— Ты же знаешь, что я не могу. На мне стоит весь этот дом, я содержу и себя, и Эйприл. И я просто кручусь, как могу в этом дурацком боди только бы получить хотя бы копейку, на которую я могу себе позволить себе и Эйприл прожить хотя бы ещё один день.
Я фыркнула. «Прожить», — по-дурацки звучит. Правильнее — «выжить». Самое подходящее слово. Но Том не замечает разницы. Он никогда не замечает.
— Но ты можешь заниматься тем, чем тебе хочется. Если ты продашь большую часть своих картин, ты получишь втрое больше денег, нежели ты получаешь, работая у Тони.
Это начинает выводить меня из себя.
— Я пишу картины для себя, а не для кого-то. Господи, разве это так тяжело понять? Я не собираюсь продавать свои картины. К тому же, если у меня получилось продать две чёртовы картины, это не значит, что я смогу продать и остальные, — я едва ли не вою. Отодвигаюсь от Тома. И, наконец, он замечает, насколько я разозлилась. Я слышу его тяжелый вздох, и даже это меня бесит сейчас. Хочу его ударить, да побольнее. Едва ли одолеваю это желание, когда Том подвигается ко мне, обнимает и целует в висок.

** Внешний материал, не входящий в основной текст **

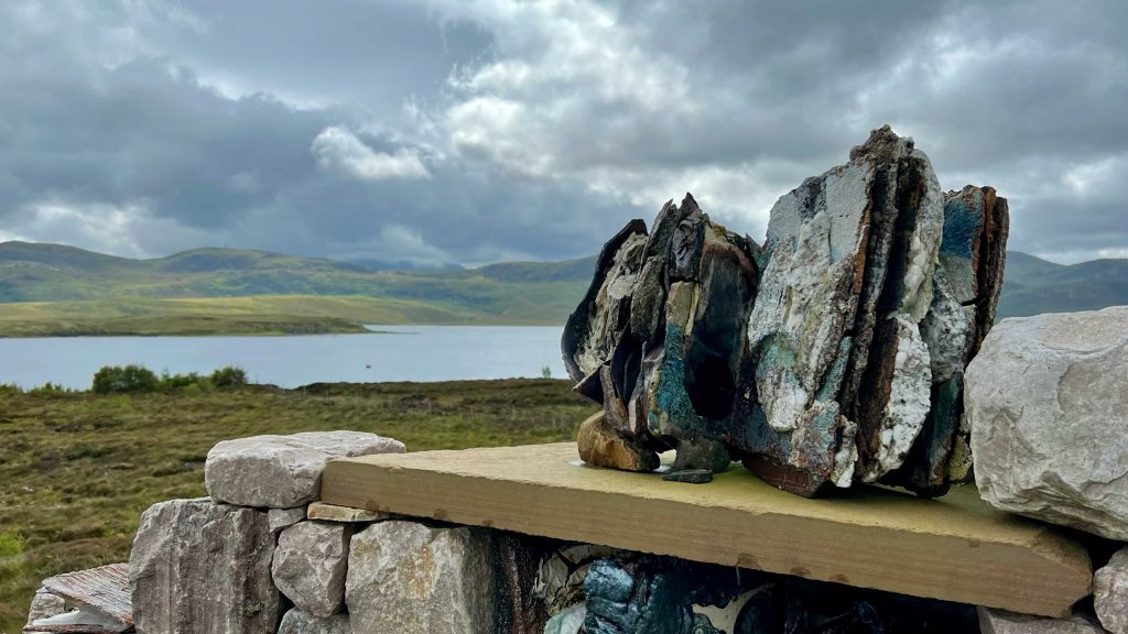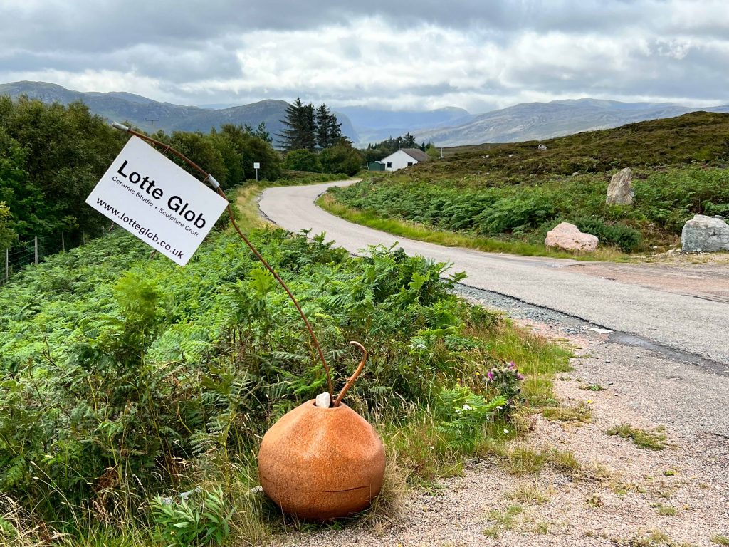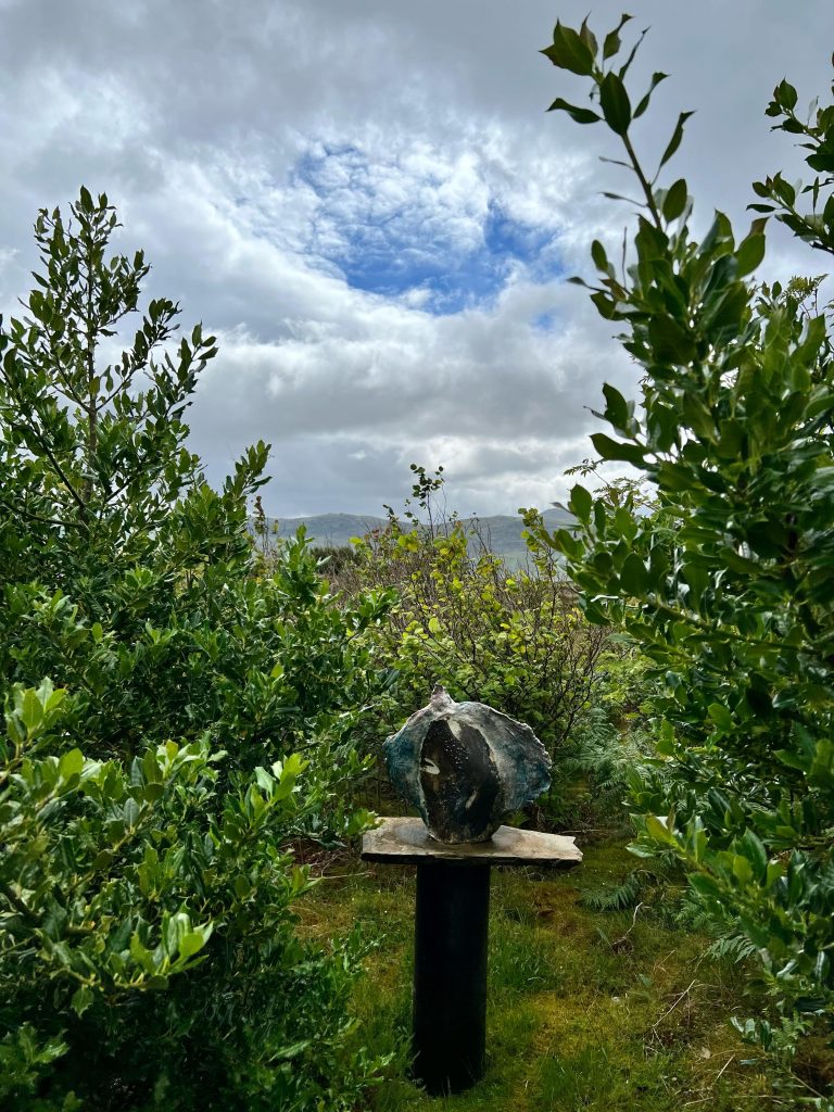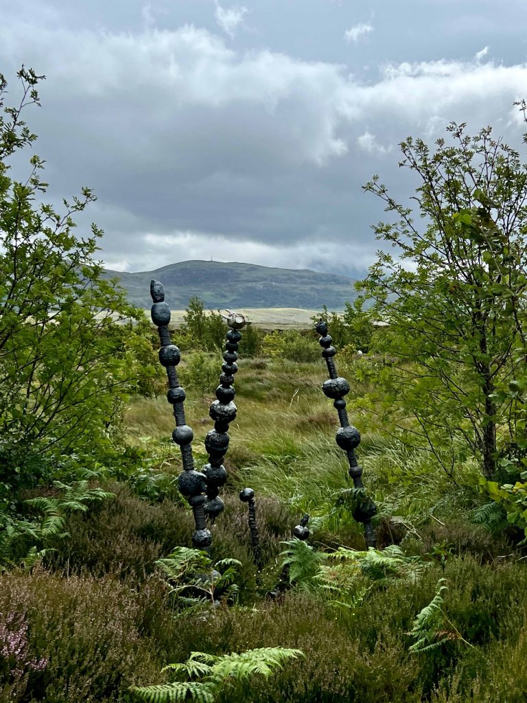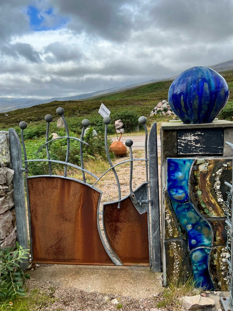 Rundherum ist eine Art „Skulpturenpark” entstanden, in dem ihre von der Natur inspirierten Werk mit ebendieser verschmelzen. Es gibt keinen Lageplan, keinen Wegweiser, man streicht einfach so durchs schottische Land und stößt ab un zu auf Kunstwerke. Aber zuerst stehe ich mal am Eingang und komme mir vor wie ein ungebetener Gast, denn obwohl ein großer Parkplatz angelegt ist, steht keiner darauf. Das Tor ist geöffnet und ihre Webseite lädt ausdrücklich zum Besuch des Gartens ein.
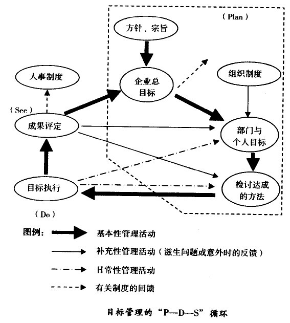 成果評價(see),分析實施后的績效。之后再將績效分析檢討修正,進行重新規劃,由此進入第二次“PDS”循環。目標管理同樣受此“PD-S”循環的支配。
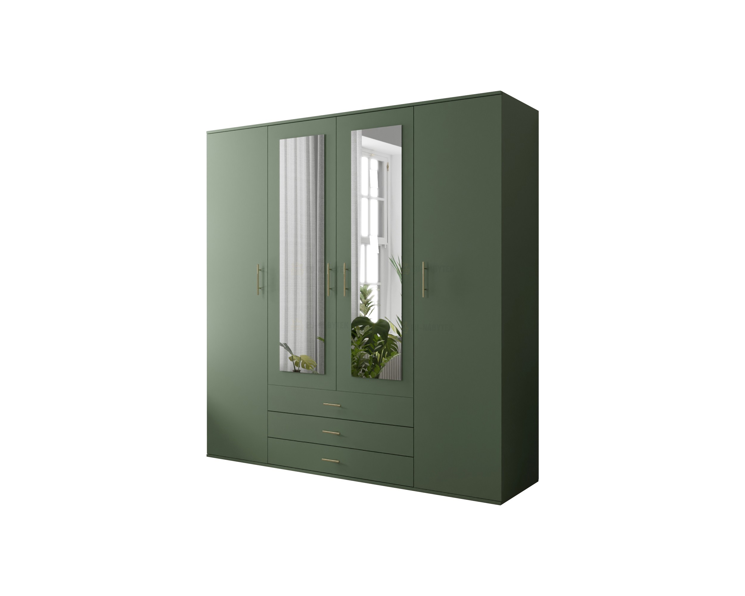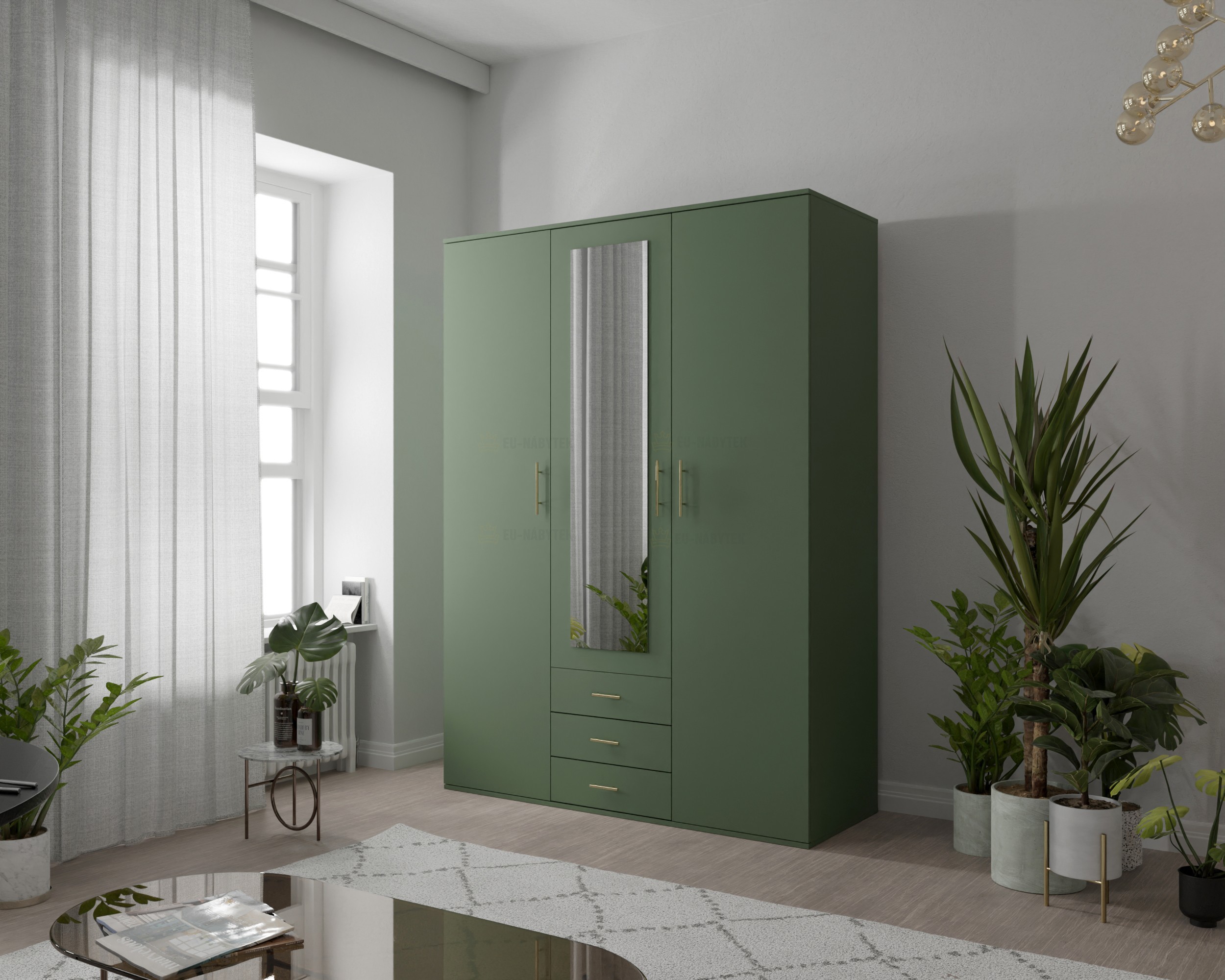 Praktická a stylová šatní skříň Olivio 150 je ideální volbou do moderních interiérů. Elegantní zelené provedení doplňuje zrcadlový panel na středních dveřích, který opticky zvětšuje prostor a zároveň plní praktickou funkci při každodenním oblékání. Uvnitř skříně naleznete promyšlené rozvržení úložného prostoru – police, šatní tyč a tři zásuvky umožňují přehledné uložení oblečení, doplňků i obuvi. Skříň je perfektní volbou do ložnic, předsíní i studentských pokojů. Kombinuje moderní design s maximální funkčností. Celkové rozměry jsou 200x210x58cm. V nabídce ji naleznete i v šíři 150cm.
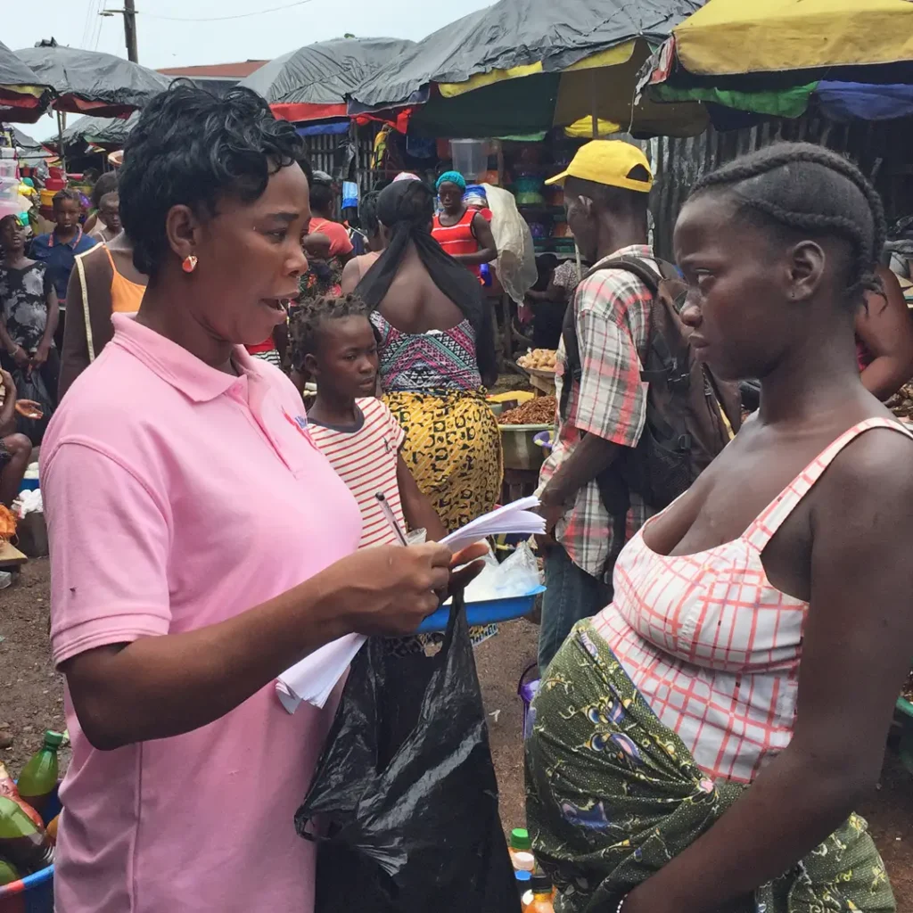 Ami walks through markets searching for pregnant women. She encourages them to visit the clinic so their pregnancies can be checked and they can give birth safely. By bringing care to the streets, she helps women who might otherwise be missed.
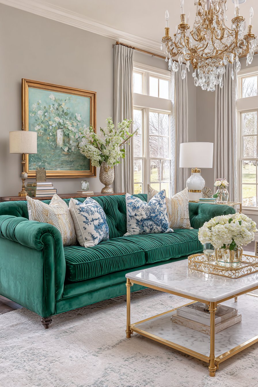 Key Design Tips: Balance every traditional element with a contemporary counterpart to maintain equilibrium. Invest in classic furniture shapes in updated colors or materials rather than trendy silhouettes. Choose quality over quantity—fewer, better pieces in transitional spaces. Mix metal finishes thoughtfully, perhaps using brass and chrome together rather than matching everything. Maintain a cohesive color palette that allows traditional and contemporary elements to coexist harmoniously, using the green sofa as the anchor that ties everything together.
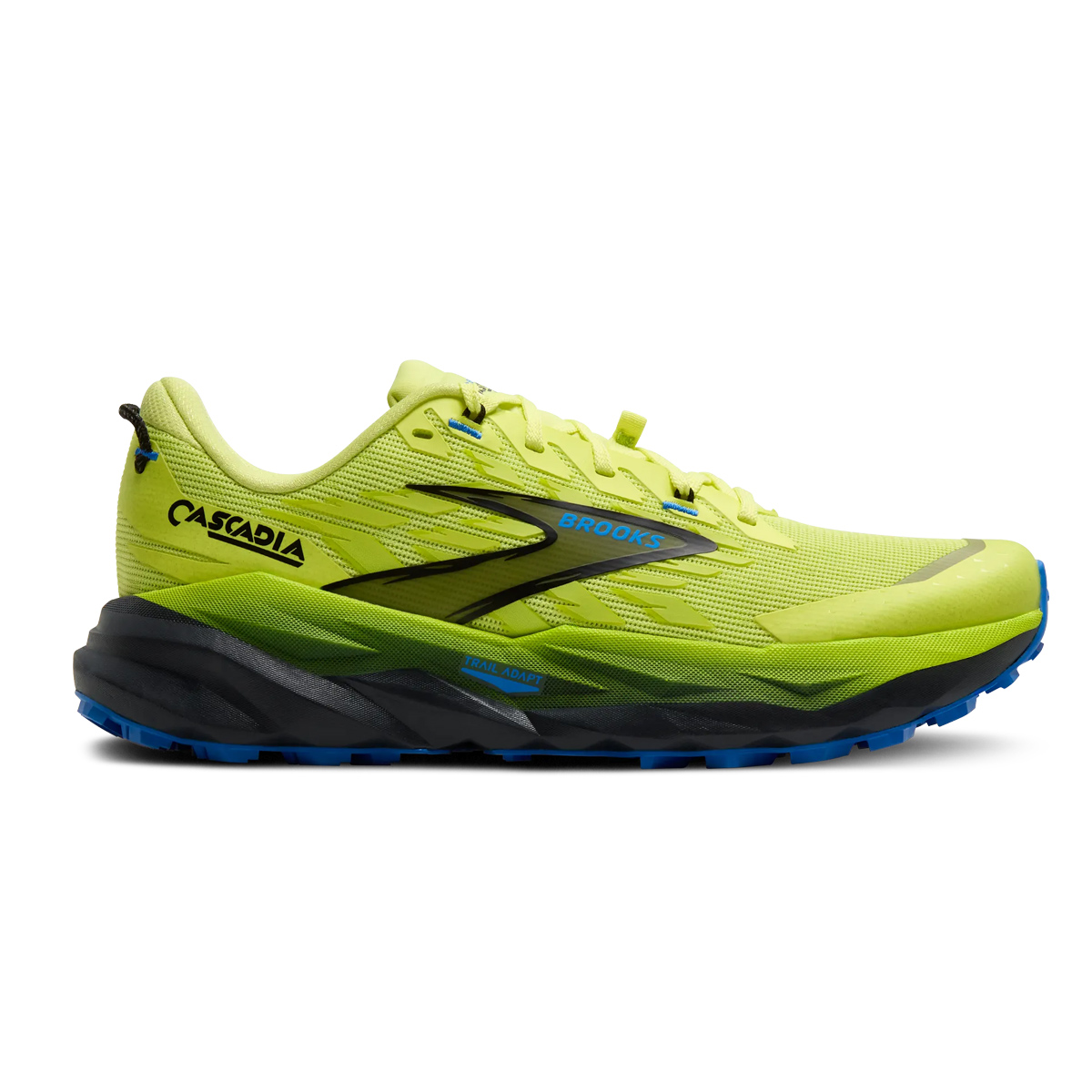Brooks Cascadia 19 (Lime/Black/Blue) trailrunning schoenen heren zijn gemaakt voor de echte avonturiers die voor technische lange trailruns kiezen, maar ook voor die milieubewuste trailrunner die kan genieten van de trails in de natuur.
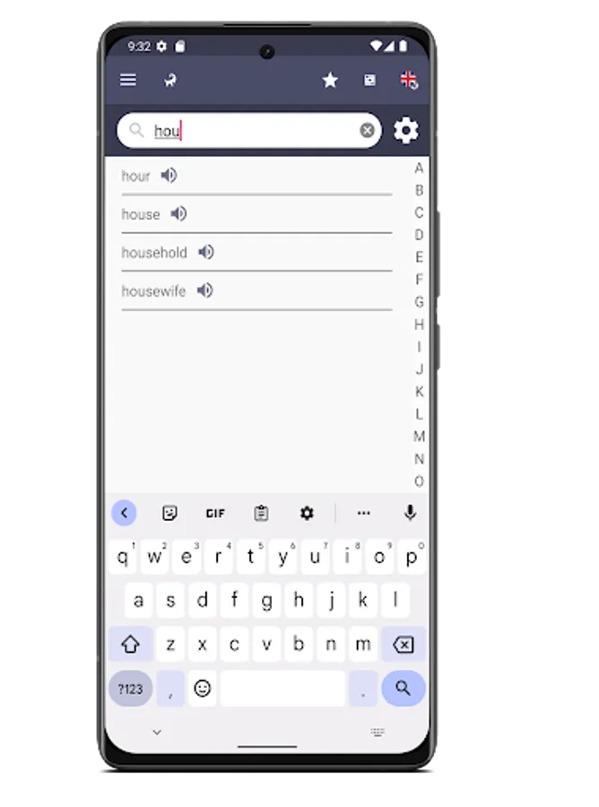 • With a swipe through the alphabet, you can jump directly to the Desired word group using the QUICK SEARCH function.

— Не злись. Я просто хочу сделать как лучше, — шепчет он мне на ухо. Я киваю, словно понимаю. Но на самом деле, я не понимаю, что он делает как лучше, кроме того, что дает мне свои дерьмовые советы.
***
На экране уже начали идти титры, как я услышала громкое сопение у себя над ухом. Я лежала на плече у Тома и просто пялилась на чёрный экран. Я не хотела смотреть на него. Ранее, когда он засыпал раньше меня при просмотре фильма, я даже не досматривала фильм, а пялилась на него, рассматривая его лицо так, будто видела его впервые. Мне нравилось в Томе буквально всё — маленькие морщинки возле глаз, тонкие розовые губы, сложенные в тонкую линию, и скулы, об которые, казалось, можно было порезаться, такими они были острыми. Когда он спал, его рот слегка приоткрывался. И я играла с ним. Проводила пальцами по узким губам, большим пальцем гладила родинку на его шее и иногда сжимала его нос, после чего он почти просыпался. Его рука обвивала мою талию даже во сне, и я чувствовала себя в безопасности рядом с ним. И мне это нравилось. Но трепета во мне это не вызывало вовсе. Моё сердце не оживало вновь, когда я слышала голос Тома. А тело не немело от каждого его прикосновения. Я наслаждалась чувством безопасности, которого мне так и не дали мои родители, которое я едва ли получала от своих друзей и которое я раздаривала Эйприл, что нуждалась в этом чувстве не меньше меня.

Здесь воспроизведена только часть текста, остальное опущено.